Film has many moving parts and calls for a structured industry. We need more start-up structured companies taking lessons from the tech industry through the use of incubators, hubs and accelerators. Start-ups are not just a tech thing. Using similar structures can see film companies grow into viable businesses. Viewing film companies as startups and treating them accordingly will provide the much needed perspective. Iroko and its subsidiaries like ROK TV have shown that this is possible. How do we get several others like it and take the industry up from there?
Moving to solve these problems is The Afro Garage founded by Dolapo Amusat. The company was founded in response to the current structure and funding issues in the creative industry by taking globally proven structures that have worked across industries, to expand the creative ecosystem.
“The Afro Garage exists to support entrepreneurs building in the creative space - music, film, entertainment, art, media, tech-enabled platforms that solve creative problems, and any sub industry that falls under entertainment. What we are trying to do is discover people who are building solutions and services that will be very useful. We will support them with hands-on venture building, help with every facet of their business and help them secure funding. We also aim to build communities around the creative and tech ecosystem and then consult for established companies,” Amusat said in conversation with NollywoodAnd...
He agrees with research that shows that one of the biggest barriers to the growth of the creative industry in Africa is funding. The others are knowledge, guidance and support, which can be improved through incubation and organized communities. “These are problems we are trying to solve. We believe that by helping out people that are building the companies that would actually fund the bedrock of the industry, we are creating infrastructure. We are creating a system that can be self-sustaining; that can create revenue and feed into the economy and create jobs as well and impact a lot of people,” he added.

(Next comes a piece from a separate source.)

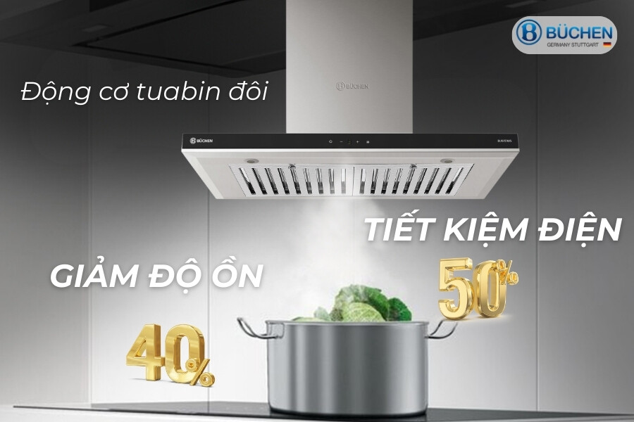 Công suất hút khỏe, động cơ tuabin đôi: Máy hút mùi Buchen BU97DWS được trang bị động cơ tuabin đôi nhằm tạo ra một công suất hút lớn nhất. Công suất động cơ 190W, công suất hút cực mạnh lên tới 1200m3/h giúp hút hết các mùi thức ăn làm sạch không khí mang lại cho căn bếp luôn thông thoáng. Máy hút mùi hoạt động dựa trên nguyên tắc của quạt thông gió kết hợp với các màng lọc. Máy thường bao gồm các bộ phận cơ bản như: lớp toa inox bên ngoài, hệ thống dẫn khí, lưới lọc, quạt hút, đèn chiếu sáng, đèn báo hiệu mức độ bám bẩn và bảng điều khiển tốc độ hút. Các loại khí độc hại và mùi khó chịu sẽ được hút lên bằng motor và chuyển ra ngoài, còn bụi bẩn và các hạt dầu mỡ sẽ bám lại lớp màng lọc, có thể dễ dàng tháo ra để vệ sinh và thay mới thiết bị.

For the film industry, The Afro Garage is intent on fundamentally discovering people who are building unique kinds of film companies and making unique kinds of content that have not gotten the needed visibility across the continent.

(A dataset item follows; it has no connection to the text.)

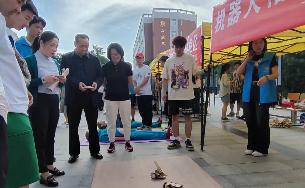 活动现场设置有“第二届劳动月实施方案”、“劳动教育实践品牌项目展示”等,以对beat365本届劳动月活动进行了详细的介绍;以及在图书馆西广场的两侧重点设有中华优秀传统文化展示体验区(包含鄠邑区农民画、社火微缩模型、剪纸、汉服体验等)、美食制作品尝区、垃圾分类游戏互动区、最美劳动者展示区、劳动救护(心肺复苏)体验区、机器人格斗展示区、无烟校园宣传区等七个劳动项目区域,涵盖了日常生活劳动、生产劳动、服务性劳动等劳动实践内容,各具特色的劳动实践项目吸引众多学生参与,营造了浓厚的劳动育人校园文化氛围,现场人潮涌动,气氛热烈。

The initiative has a clear mission statement - to power Africa's creative ecosystem with technology and capital - helping them structure their business and figuring out things around monetization. It also seeks to help players in the ecosystem drive better partnerships with other industries and secure funding for their projects and companies.

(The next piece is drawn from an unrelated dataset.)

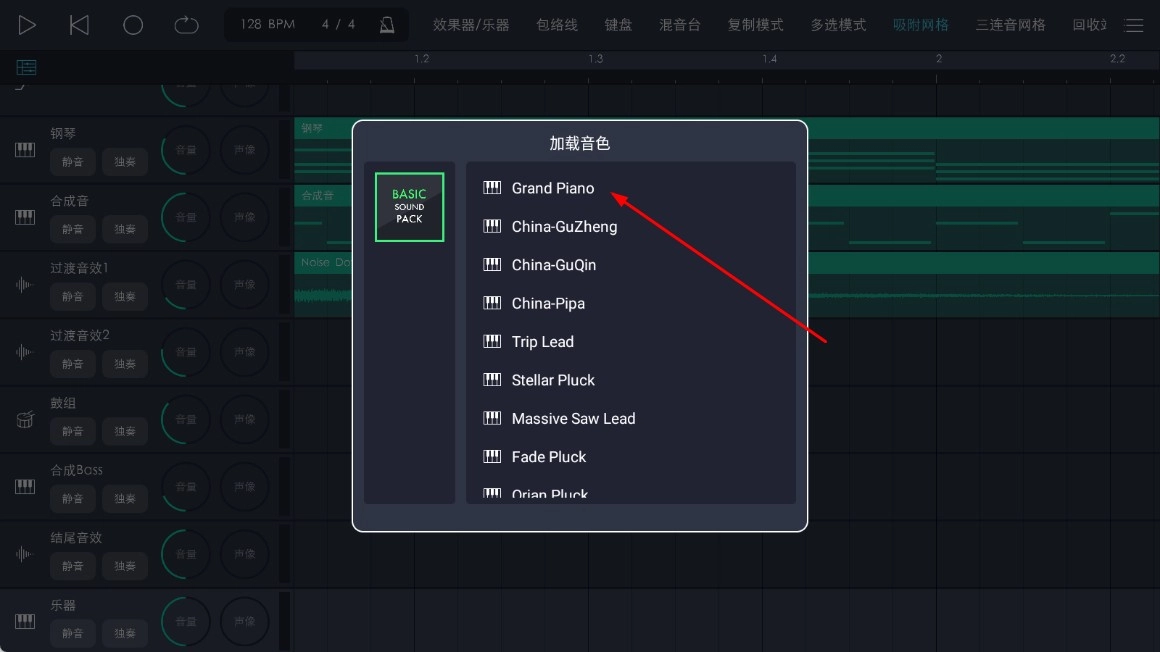 3、在加载音色的弹窗中,选择类似【Grand-Piano-音色】这样的选项来完成加载操作。

Nice piece. One thing is we always have the market and when you get the standard right you get the whole of africa and the world. Just the way we have change the narrative of music (afrobeats) is our standard and we have improved on it really well. My view is we have not yet standardize the sector for improvement. If you look at the films made in the cinema mostly center around comedy with influencers but the truth is we are yet to explore our content (Nigeria really have histories untold that that make a blockbuster), and we have fascinating location in the country that will sell; we are even yet to go into animation. We are doing well in music which the government missed out on if they really supported, I believe they shouldnt on this one, art and culture work out a business model to unlock the industry. The big guys like Netflix have already seen the prospect and they are putting the money bigtime the government should too.
Nice read. I plan on reaching out to them when I start my Film production studio.